Guerrilla User Testing July 27th, 2011

Project overview: Having worked for the client a number of times my relationship grow from an initial piece of work to run UAT (User testing) of one of the clients many websites. The site having been live for six months was at a suitable point at which to run user testing to direct the next phase of development identifying where best to focus efforts.

Key deliverables

  • Several key usability issues uncovered in under 10 days
  • Actionable recommendations presented to stakeholders
  • Findings documented with show reel, report and presentation slides
  • Recruitment costs: 9 coffees, 2 teas and 4 cakes, 1 caramel wafer (high cost due to Starbucks location)

Key areas of interest

User testing, Usability review, Guerrilla User Testing

Testing approach and design

The primary aim for the testing was to identify usability problems whilst at the same time answer a series of opinion based questions related to brand and content. In consultation with the team responsible for site delivery and ongoing maintenance my employer (Digirati) rapidly designed a test script that would capture the required information, an approach was designed combining two practices.

The first component was a series of observational tasks to gain insight into how the participant went about discovering content available on the site. Screen capture software recorded the participant’s interactions with the live website whilst a webcam captured the all import sound bites and facial expressions that further illustrate personal reaction to particular scenarios.

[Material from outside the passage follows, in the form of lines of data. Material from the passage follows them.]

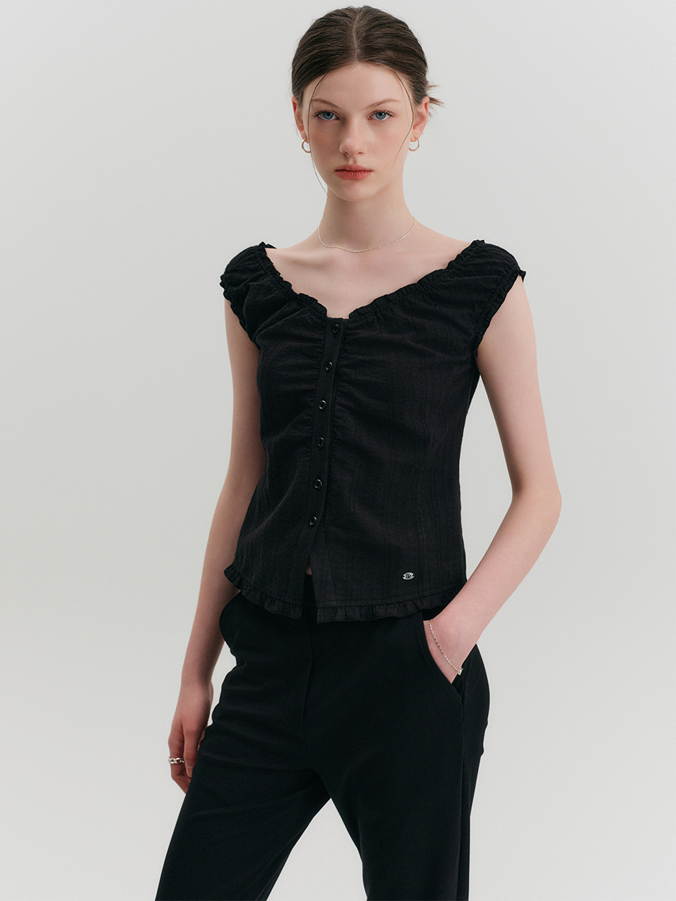 JENIE V-NECK SLEEVELESS BLOUSE_BLACK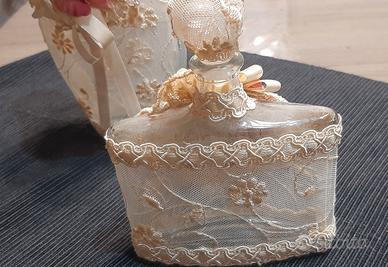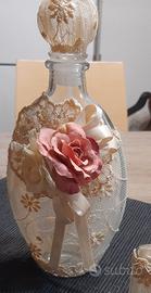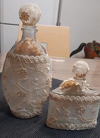 2 bottiglie in vetro , ricoperte da pizzo con rose una bianca e l'altra corallo chiaro .Belle mai usate e come nuove .Da usare come soprammobile , o porta sali da bagno o a fantasia. Come nuove ! belle , idee regalo.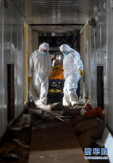 每当发现新的遇难者遗体,都先由防疫人员对遗体喷洒消毒药水。然后消防战士用电锯和液压钳移除遗体搬运的障碍,再将遗体装入双层黄色转运袋,按照6人一组抬担架的方式搬运遗体。这一过程每个细节、每个动作大家都小心翼翼,力求不因转运造成任何遗体再受损伤。

Opinion was captured through a series of questions each assigned with a unipolar 5 point scale designed to prompt the respondent to think of the presence or absence of qualities and attributes. These questions allowed subsequent analysis to ascertain the participant’s opinion regarding branding, look and feel and quality of content.

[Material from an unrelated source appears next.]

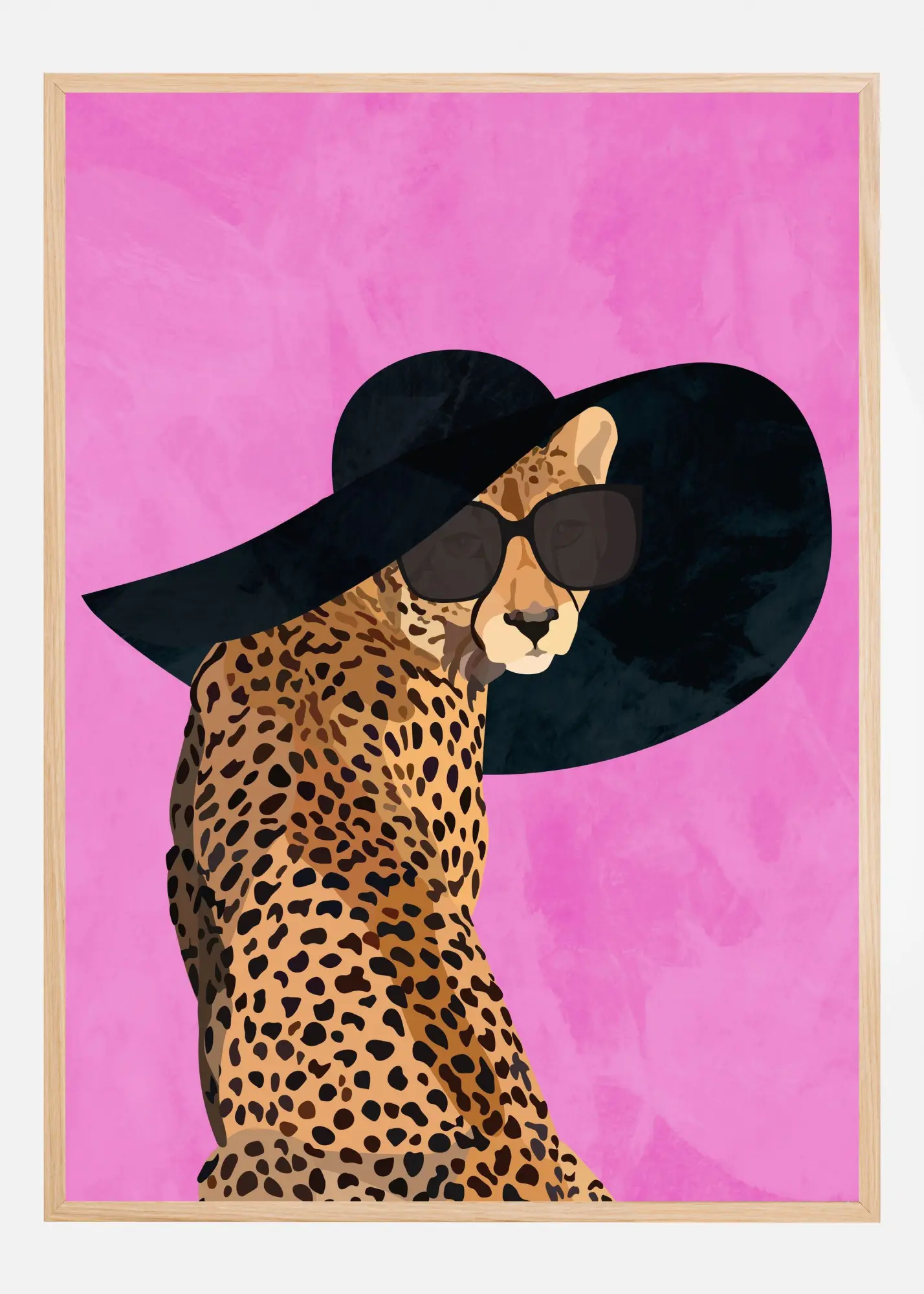 Bakgrunden på postern har en livfull rosa nyans som kontrasterar vackert mot gepardens guldbruna päls och den svarta hatten. Denna print fångar både elegans och lekfullhet i en harmonisk kombination av färger, vilket gör den till en utmärkt tillskott för dem som vill ge sitt utrymme en personlig touch.

Guerrilla user testing - for the price of a coffee

To recruit the audience describe as the ‘entire population’ could have been an expensive time consuming task, however. Using the Guerrilla approach for user testing resulted in the collection of a large sample of data from a stream of participants from the general population within a short time frame. Quickly it became apparent that all participants struggled with a consistent set of features and a particular set of labels and terms used to categories some content. Some of the observations were expected, other as always proved surprising. This confirms that prior knowledge will successfully get you only so far. Prior knowledge only really applies in context and context is vital in successfully communicating and commercially transacting with your audience.

Actionable deliverables

  • A multi format show reel highlighting key findings form the Guerrilla testing sessions was accompanied by a detailed report both of which were presented to the team at their monthly project board meeting. As a result the following actionable items resulted.
  • Detailed user stories that enriched the personas used to inform design decisions.
  • Observed user behavior based recommendations to improve the presentation of information resulting from the use of the free text search field.
  • Confirmation that the content published was considered high quality, informative and most importantly trusted by users.
  • Highlighted that some terms used across the site were not best suited to promote certain classifications of content.
  • Discovered that some key navigational elements were either missed or disregarded by participants because of their similarity to online advertisements.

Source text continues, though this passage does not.